### Your goal
Exactly the lines from the line with "初冬时节, 安徽省马鞍山市浮" through the final line of the records below, both ends included, are to be set down. Do not include pictures.

Source records:

_ _ _ _ _ _ _

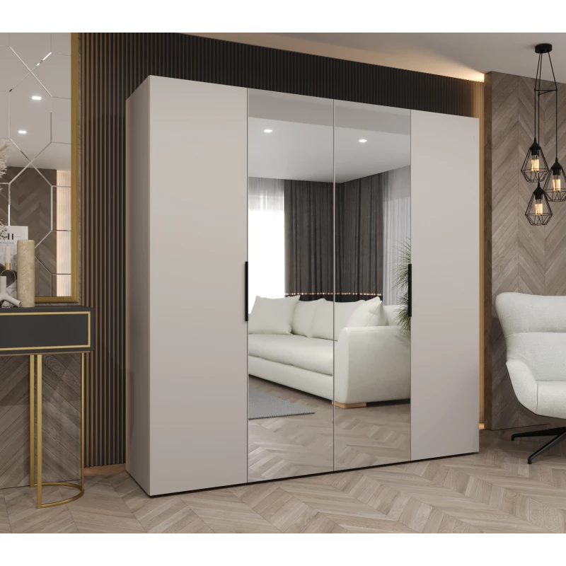 Šatní skříň 200 cm KUBRA představuje perfektní řešení úložného prostoru pro ložnice či šatny. Zrcadla opticky zvětší a prosvětlí interiér.
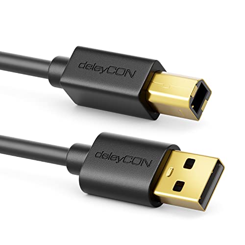 | Features | deleyCON USB 2.0 High-Speed Kabel // Datenkabel / Druckerkabel // Hochwertige, mehrfache Schirmung für schnelle, störungsfreie Datenübertragung // Passgenaue, stabile USB-Stecker, Anschluss: 1x USB A-Stecker zu 1x USB B-Stecker // Kompatibel mit allen USB-Geräten, sofern eine USB A-Buchse oder USB B-Buchse vorhanden ist, Übertragungsgeschwindigkeiten von bis zu 480 Mbps // Geschirmtes, flexibles USB 2.0 High Speed Kabel // Optimal als Druckerkabel, Hervorragend geeignet zum verbinden von z. B.: PC, Computer, Drucker, Scanner, Multifunktionsdrucker und zahlreiches weiteres USB-Computerzubehör, Abwärtskompatibel zu USB 1.0/1.1, Farbe: Schwarz // Länge: 0,5 Meter // Anzahl: 1 Stück, Modellnummer: MK718 // Marke: deleyCON |
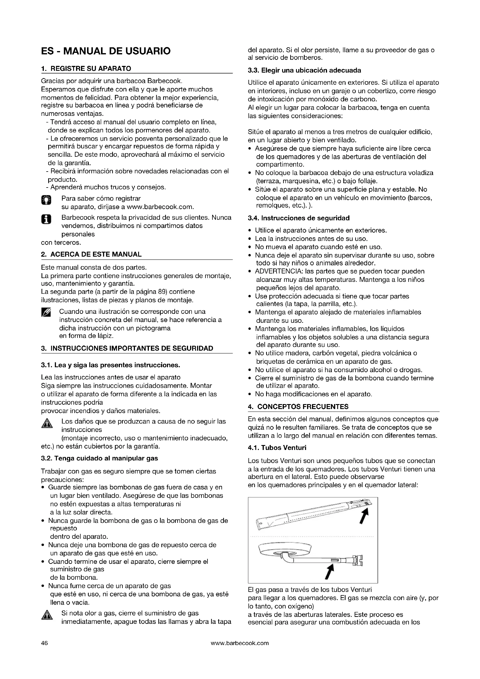 En esta sección del manual, denimos algunos conceptos que quizá no le resulten familiares. Se trata de conceptos que se utilizan a lo largo del manual en relación con diferentes temas. 4.1. Tubos Venturi Los tubos Venturi son unos pequeños tubos que se conectan a la entrada de los quemadores. Los tubos Venturi tienen una abertura en el lateral. Esto puede observarse en los quemadores principales y en el quemador lateral: El gas pasa a través de los tubos Venturi para llegar a los quemadores. El gas se mezcla con aire (y, por lo tanto, con oxígeno) a través de las aberturas laterales. Este proceso es esencial para asegurar una combustión adecuada en loswww.barbecook.com
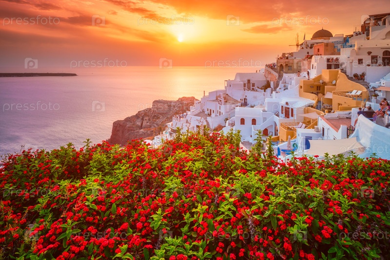 Закат солнца над городом Оя на острове Санторини летом
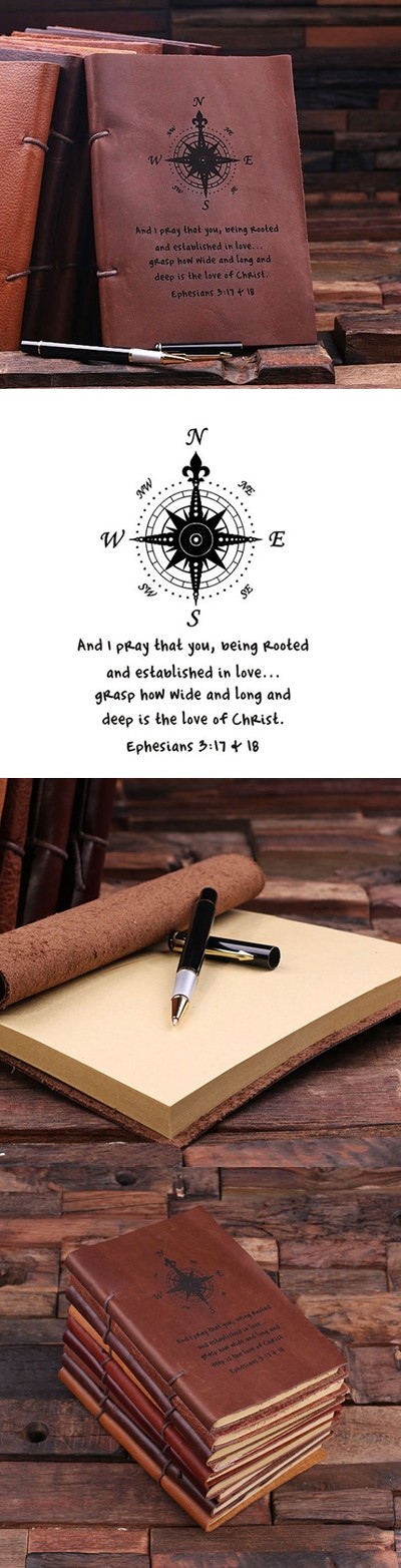 Product Description: This personalized cowhide-leather notebook, with 100 pages of two-sided recycled craft paper inside, may be used as a daily journal, travel diary or even a wedding guest book for a nautical or wanderlust-themed wedding as it features a majestic "Compass Rose" motif. Better yet, it may be engraved with up to five (5) lines of custom text in the font shown (the pictured scriptural text is just an example of what may be engraved). PLEASE NOTE: Pictured pen is not included. Available in brown leather of varying shades -- the journal you receive may be darker or lighter than the one pictured. Better yet, this wonderful gift now enjoys FREE SHIPPING in the U.S.
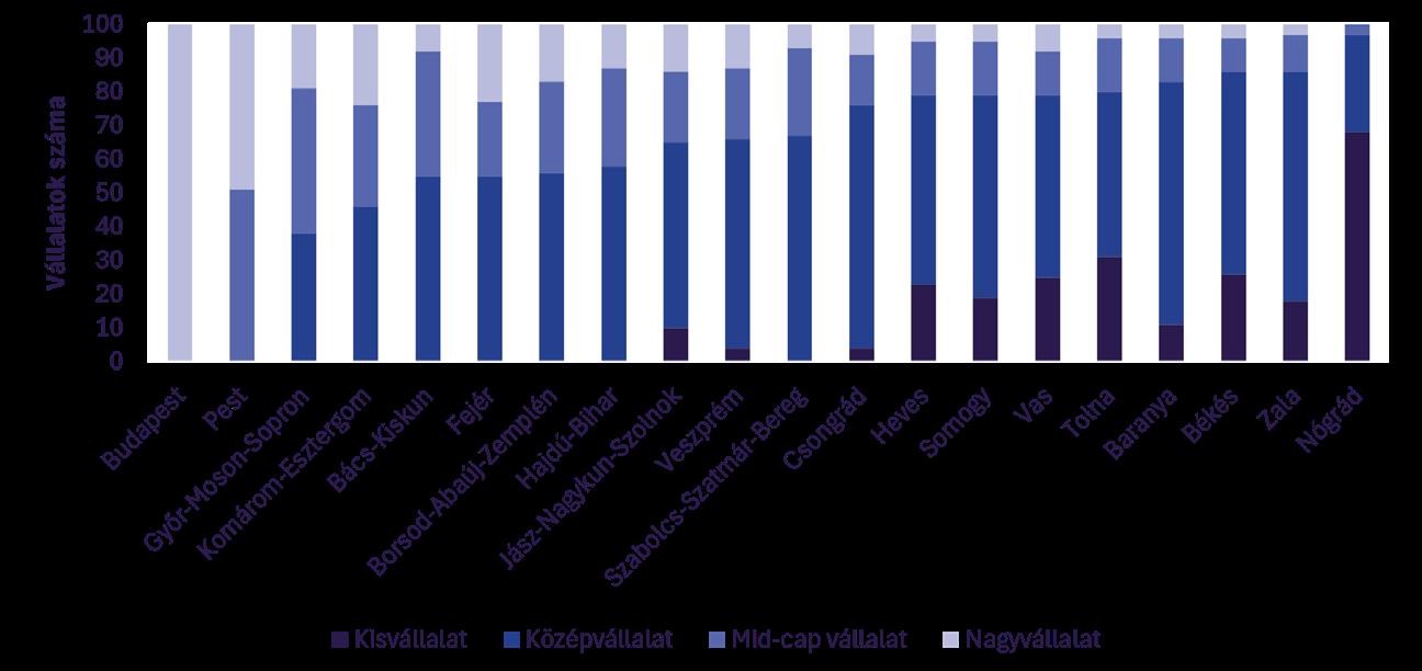A TOP100 vállalatok többsége kkv, de jelentős számmal képviselik magukat a mid-cap vállalatok1 is. Az árbevételt és a létszámot is figyelembe véve a budapesti TOP 100 a nagyvállalati kategóriába tartozik. Sok vármegye esetében viszont a mid-cap kategória beemelésével a nagyvállalatok egy része mid-capként szerepel az elemzésben. Nógrád esetében például mindhárom, létszám alapján nagyvállalatként definiálható vállalat mid-capnek számít az alternatív megközelítés alapján. A mid-capek száma Pest vármegyében a legmagasabb (51), de Győr-Moson-Sopron, Bács-Kiskun és Komárom-Esztergom vármegyében is erős a jelenlétük.
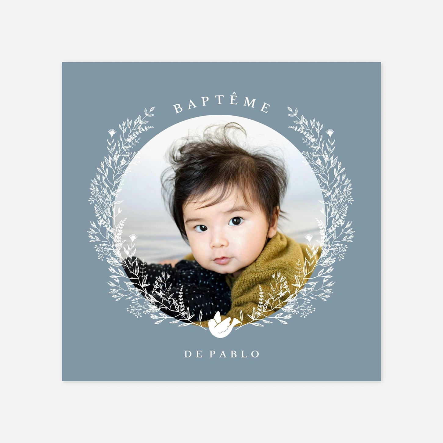 Avec sa couronne illustrée tout en finesse, l’invitation de baptême « Couronne céleste » annonce ce moment précieux avec douceur et poésie. Ce faire-part de baptême personnalisé met en valeur la photo de votre enfant et se prête à une annonce pleine de tendresse, pensée pour rassembler vos proches. Créé en interne par nos équipes, il se personnalise facilement en ligne avec votre texte pour une invitation de baptême élégante, fidèle à votre histoire. L’impression est réalisée avec soin dans nos propres ateliers, sur des papiers choisis pour sublimer chaque détail.
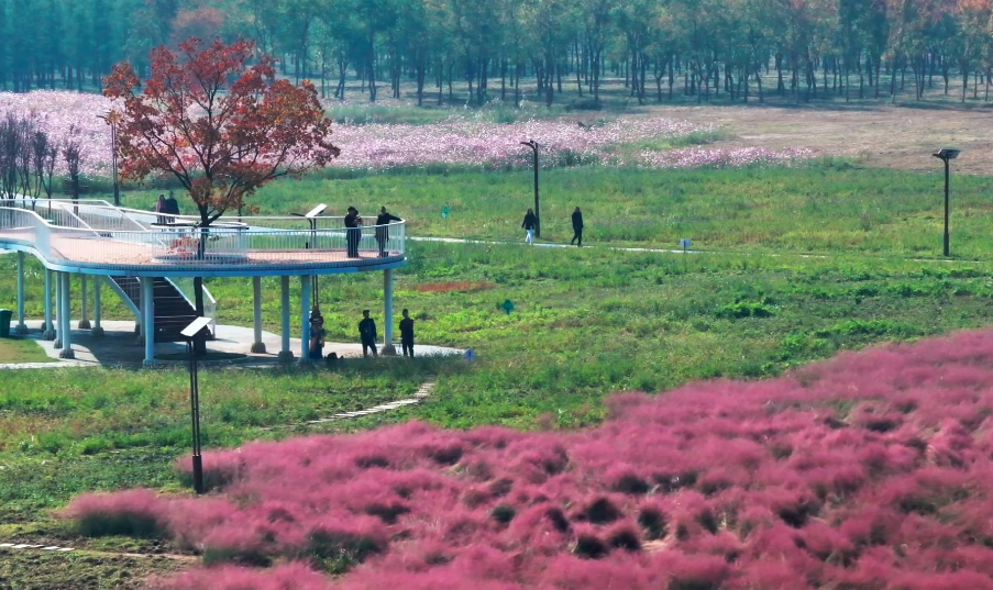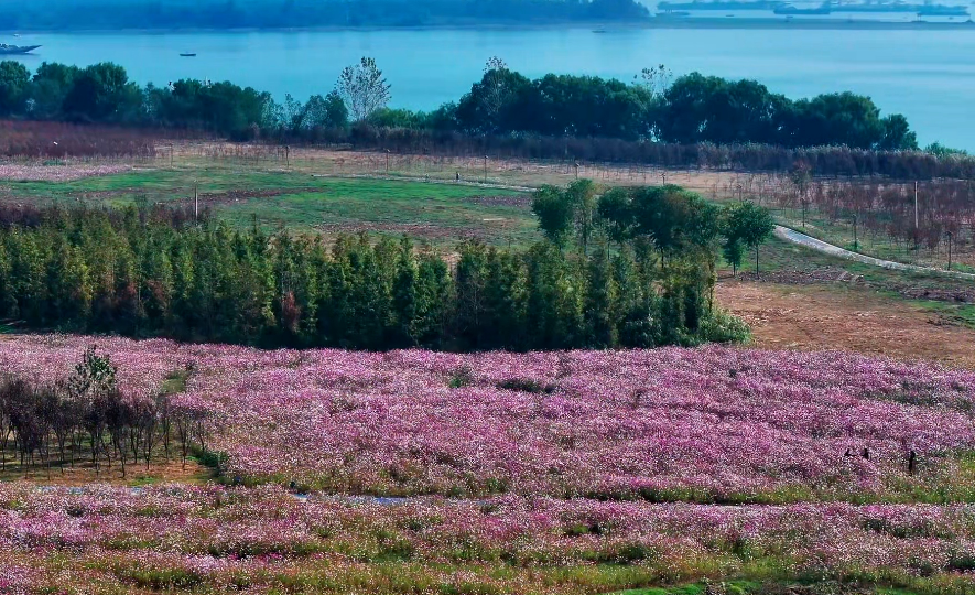 初冬时节, 安徽省马鞍山市浮沙圩公园内,色彩斑斓,鲜花满地,粉黛子草大片盛放,吸引不少游客前来游玩打卡。
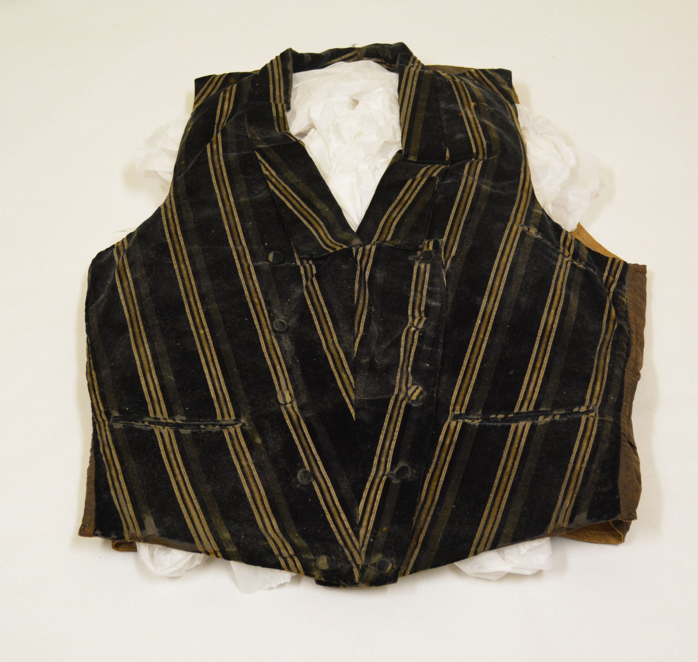 A man's formal vest. Fabric is dark green velvet with light green and light brown stripes, angled to form a "v" shape across the front of the vest. Double-breasted style, all ten fabric-covered buttons are present. with three pockets total, one on each side at the waist and then one up near the arm hole on the left side. The vest is lined with a light brown fabric. According to donor, the item was worn by a Gideon Stiles on the occasion of his wedding, c.1860. The vest measures 22 1/4 inches long and 18 1/4 inches wide across the middle.Dimensions
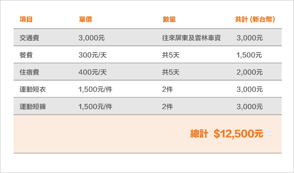 本案資助項目包含110年全國中等學校運動會拳擊錦標賽賽事期間(2021/4/17-2021/4/22,共5天)選手支出費用,詳細項目茲列如下:
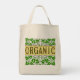 Organic a green slogan for gardeners, cooks and Earth Day celebrations, in decorated capital letters against a background of acorns and oak leaves, surrounded by scrolling leaves.
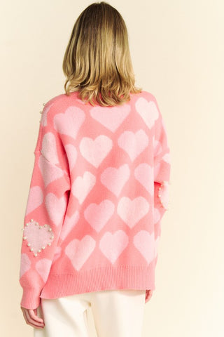 Davi & Dani Heart Pearl Side Slit V Neck Sweater
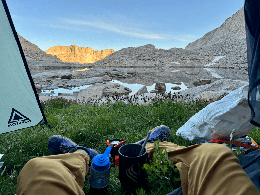 If you’re camped at Golden Lake around mid-August that is the exact time the sun will crest over the horizon and illuminate Golden Lake and the surrounding mountains. The way Golden Lakes is constructed is that there’s mountains and ridges to the north, south, west, but not the east where the sun rises. After 12,000 miles it’s one of the most epic sunrise I’ve witnessed on trail. The trip isn’t over yet but I already know this is one of the highlights. So if you’re lucky enough to be camped here make sure you wake up at 6:00 – 6:15 depending on how long it takes you to get out of your tent. You don’t wanna miss it. I found a nice flat rock in front of the lake to enjoy breakfast. Doubled up on coffee and had an extra packet of oatmeal.
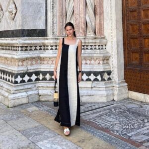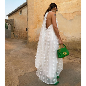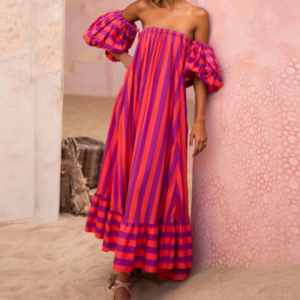 Detachable Sleeves Three-way Color Block Striped Maxi Dress
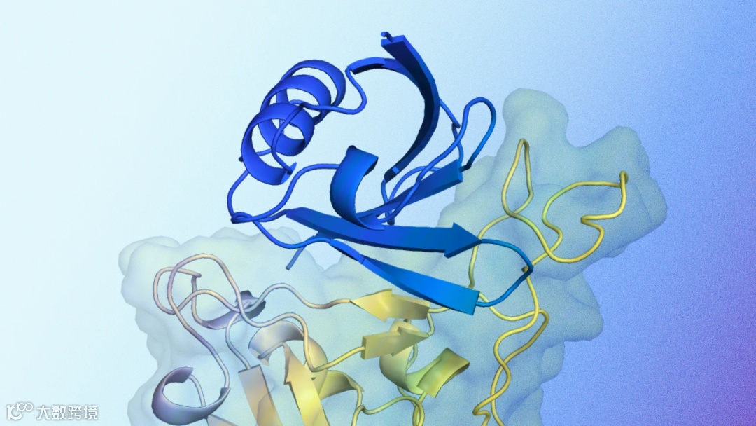 视频|预测的蛋白质结合体结构与目标蛋白质相互作用的示意图。蓝色显示的是 AlphaProteo 生成的预测蛋白质结合结构,黄色显示的是目标蛋白质。
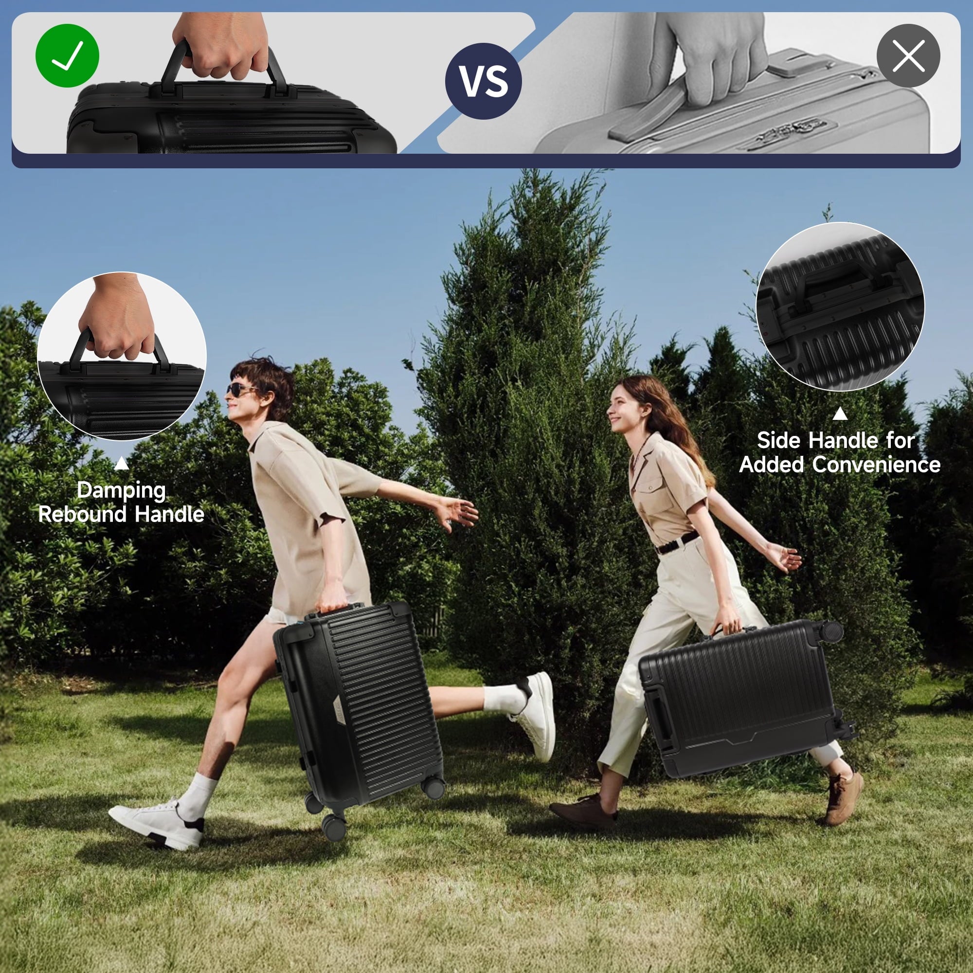 • 【Easy Travel】The zipperless luggage features 360° silent spinner wheels and an adjustable telescopic handle, enhancing your travel experience.

_ _ _ _ _ _ _

### Final answer
 初冬时节, 安徽省马鞍山市浮沙圩公园内,色彩斑斓,鲜花满地,粉黛子草大片盛放,吸引不少游客前来游玩打卡。
 A man's formal vest. Fabric is dark green velvet with light green and light brown stripes, angled to form a "v" shape across the front of the vest. Double-breasted style, all ten fabric-covered buttons are present. with three pockets total, one on each side at the waist and then one up near the arm hole on the left side. The vest is lined with a light brown fabric. According to donor, the item was worn by a Gideon Stiles on the occasion of his wedding, c.1860. The vest measures 22 1/4 inches long and 18 1/4 inches wide across the middle.Dimensions
 本案資助項目包含110年全國中等學校運動會拳擊錦標賽賽事期間(2021/4/17-2021/4/22,共5天)選手支出費用,詳細項目茲列如下:
 Organic a green slogan for gardeners, cooks and Earth Day celebrations, in decorated capital letters against a background of acorns and oak leaves, surrounded by scrolling leaves.
 Davi & Dani Heart Pearl Side Slit V Neck Sweater
 If you’re camped at Golden Lake around mid-August that is the exact time the sun will crest over the horizon and illuminate Golden Lake and the surrounding mountains. The way Golden Lakes is constructed is that there’s mountains and ridges to the north, south, west, but not the east where the sun rises. After 12,000 miles it’s one of the most epic sunrise I’ve witnessed on trail. The trip isn’t over yet but I already know this is one of the highlights. So if you’re lucky enough to be camped here make sure you wake up at 6:00 – 6:15 depending on how long it takes you to get out of your tent. You don’t wanna miss it. I found a nice flat rock in front of the lake to enjoy breakfast. Doubled up on coffee and had an extra packet of oatmeal.
 Detachable Sleeves Three-way Color Block Striped Maxi Dress
 视频|预测的蛋白质结合体结构与目标蛋白质相互作用的示意图。蓝色显示的是 AlphaProteo 生成的预测蛋白质结合结构,黄色显示的是目标蛋白质。
 • 【Easy Travel】The zipperless luggage features 360° silent spinner wheels and an adjustable telescopic handle, enhancing your travel experience.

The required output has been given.